Execution of legal and arbitral decisions

If your foreign client, with who you are in dispute is convicted by your national jurisdiction to pay you damages and interest but does not carry it out, you will probably have to start seizure proceedings abroad. Could this seizure have grounds on the basis of a judgement rendered in a foreign country? The problem posed here is that of carrying out foreign legal decisions abroad. Moreover, does the authority of the final decision enable in internal law to confront with the repetition of the same proceedings or a same demand. When is it abroad? Could the dispute which separates the two parties be judged again in the client's country?

Two requirements confront one another. On the one hand in a concern for the economy of the procedure and the efficiency of legal decisions, these must be automatically accepted abroad within the context of inevitable carrying out or for their recognition within the context the authority of the thing judged. However, on the other hand, the independence and sovereignty of states expresses itself in its willingness to exert control and to avoid giving effect to unjust or inequitable decisions on the territory (Not forgetting that different legal systems exist). Also, each national legislator has its own response to the question, and reception of judicial decisions pronounced abroad is subject to more or less stringent controls according to the country where advantage of the decision has tried to be taken.

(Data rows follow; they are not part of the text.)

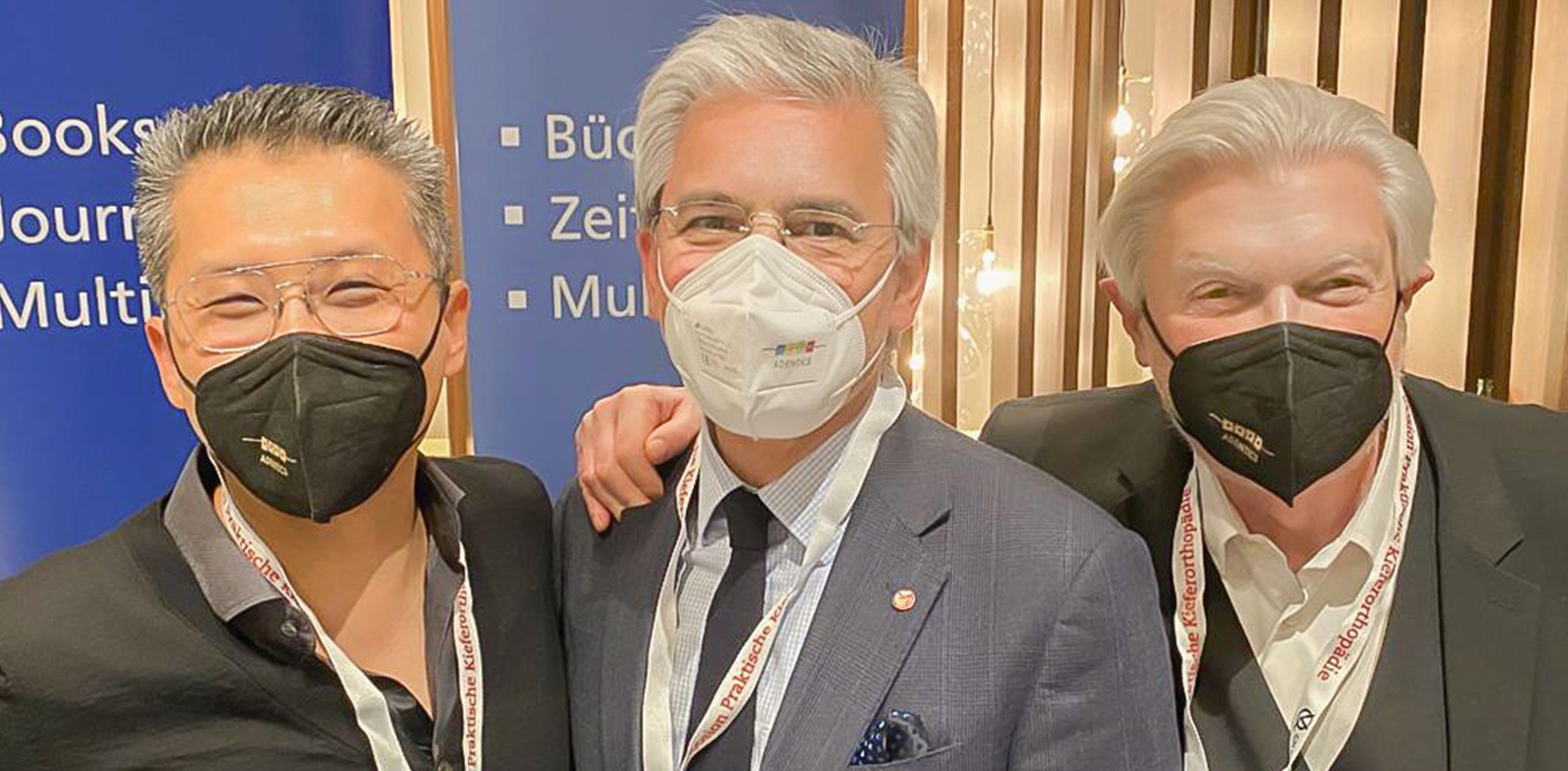 ADENTICS Couture: ADENTICS doctors Prof. Radlanski, Prof. Miethke and Woo-Ttum Bittner proudly wore the different versions of the ADENTICS FFP2 mask at the event. Classic orthodontics is definitely not a discontinued model: Woo-Ttum Bittner talked with the "old master" of orthodontics Dr. John Bennett from Great Britain about the advantages and disadvantages of modern treatment approaches and agreed: It's all in the mix.
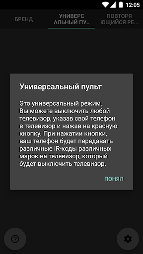 Это приложение позволяет отключить любой телевизор со встроенным ИК-бластера телефона.
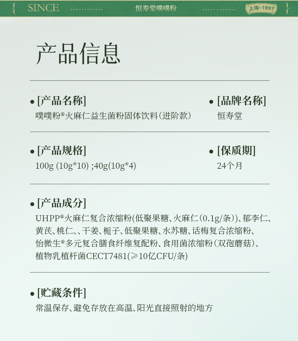 恒寿堂火麻仁益生菌粉固体饮料 100g/盒
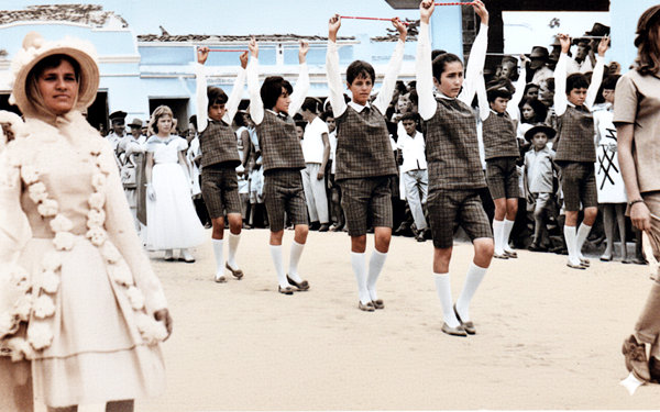 Pelotão dos bastões do Ginásio Nossa Senhora Auxiliadora (CNEC), durante desfile realizado em João Alfredo no dia 10 de outubro de 1965.

a) Recognition of the judgement and enforceability

When it is a matter of referring to the authority of the final decision defined by a foreign judgement, one speaks of recognition of the judgement rendered abroad. When it is a matter of operating a seizure on the basis of a judgement rendered abroad, a formality is generally necessary which is known as the enforceability of decisions rendered abroad. In truth, to be able to seize on the basis of a judgement rendered abroad, it is necessary to obtain it beforehand in the opinion of a court in the country where one desires to operate the exequator seizure of judgement rendered abroad.

Likewise, all arbitration decisions have to automatically be the objective of the exequator's demand to be able to be applied.

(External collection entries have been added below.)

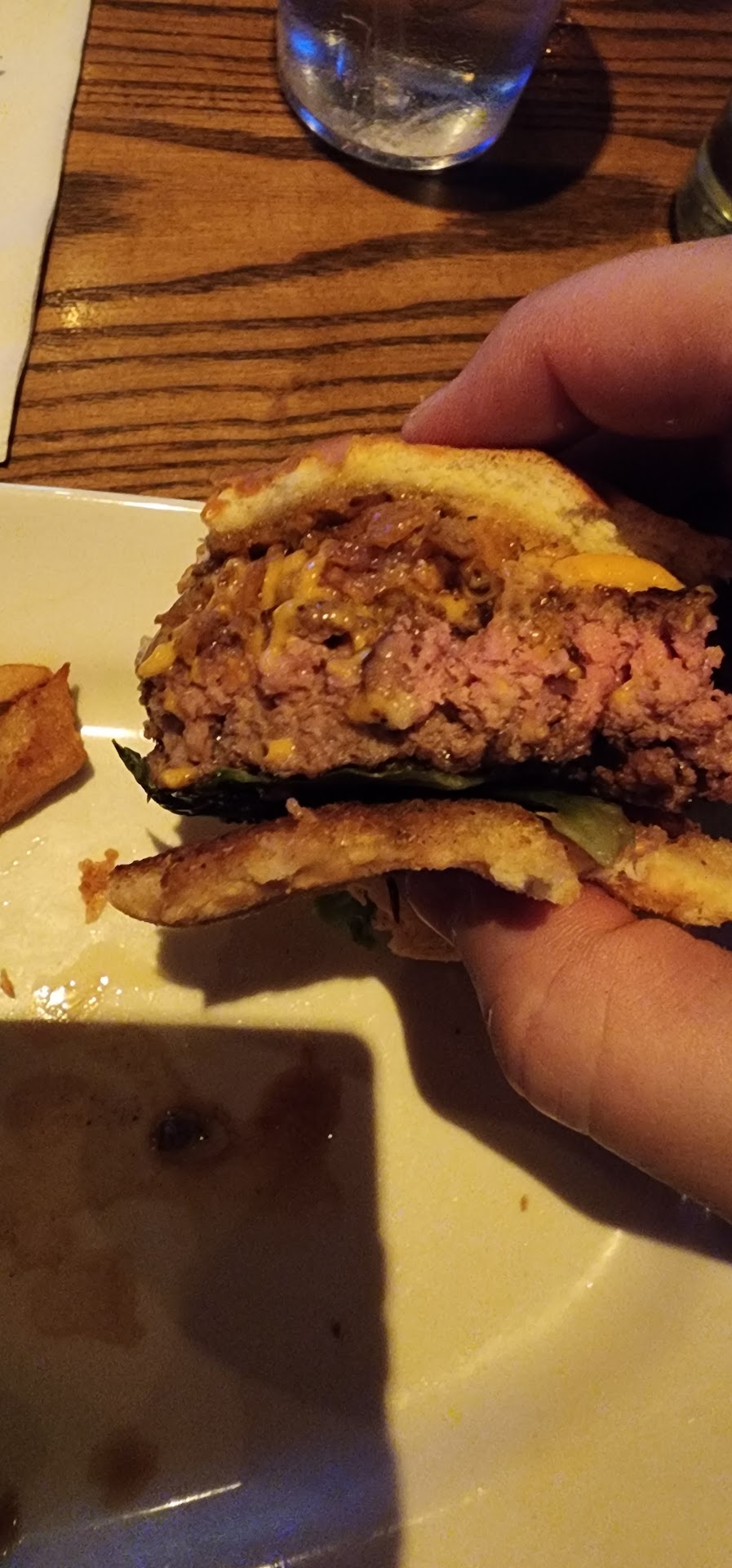 I reluctantly told her to just leave the food, and when I tried the fried pickles the skin of them was like thin chewy leather. After I finished that, the burger itself was medium on one side... but the other was well done. Eventually I got to the fries and at this point they were ice cold.
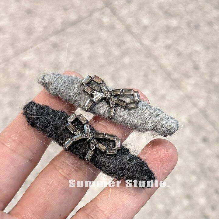 轻奢闪钻水钻蝴蝶结毛线鸭嘴夹一字夹精致感前额刘海夹侧边夹发夹
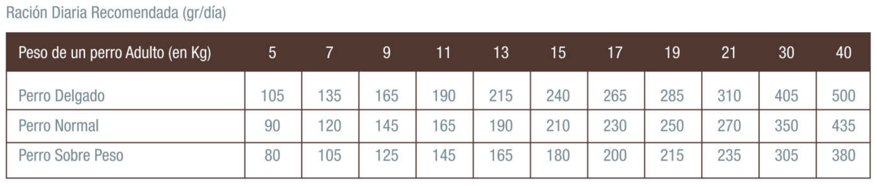 Se recomienda buscar la opinión de un médico veterinario antes de administrar a su mascota. Tiempo recomendado de uso: hasta 6 meses. La ración diaria recomendada en gramos se informa en la Tabla y se debe proporcionar en 2 comidas. Mantener siempre a disposición agua limpia y fresca.
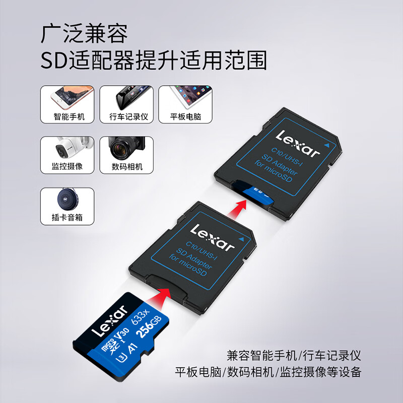 雷克沙(Lexar)256GB TF(MicroSD)存储卡 C10 U3 V30 A1 高速内存卡 读速100MB/s 持久稳定(633x) 价格:159.00元!

In this way, it is sometimes more interesting to carry them from the moment of dispute in front of a court in the country where the judgement will be carried out. Thus the problems connected with enforcement are avoided.

b) International agreements

Treaties are sometimes concluded between countries with a view to facilitating the recognition and enforcement of decisions rendered in the treaty signing countries. This is the case for the Conventions of Brussels (EU) and Lugano (European Free-Trade Association countries: Iceland, Norway, Switzerland and Liechtenstein). The idea which underlies these conventions is to create a European legal zone and in this way facilitate the circulation of legal decisions with the EU and EFTA. By virtue of these conventions, the enforcement procedure cannot open out into a new examination of the dispute's content. The judge required within the enforcement procedure cannot re-estimate the elements of settling the dispute in one of the treaty signing countries. Moreover, the cases in which the judge could refuse the enforcement in another treaty signing country are limited to a list (annoying state public order, violation of defence rights,...).

Likewise, in 1958, the United Nations developped an agreement for the recognition and carrying out of foreign arbitral sentences.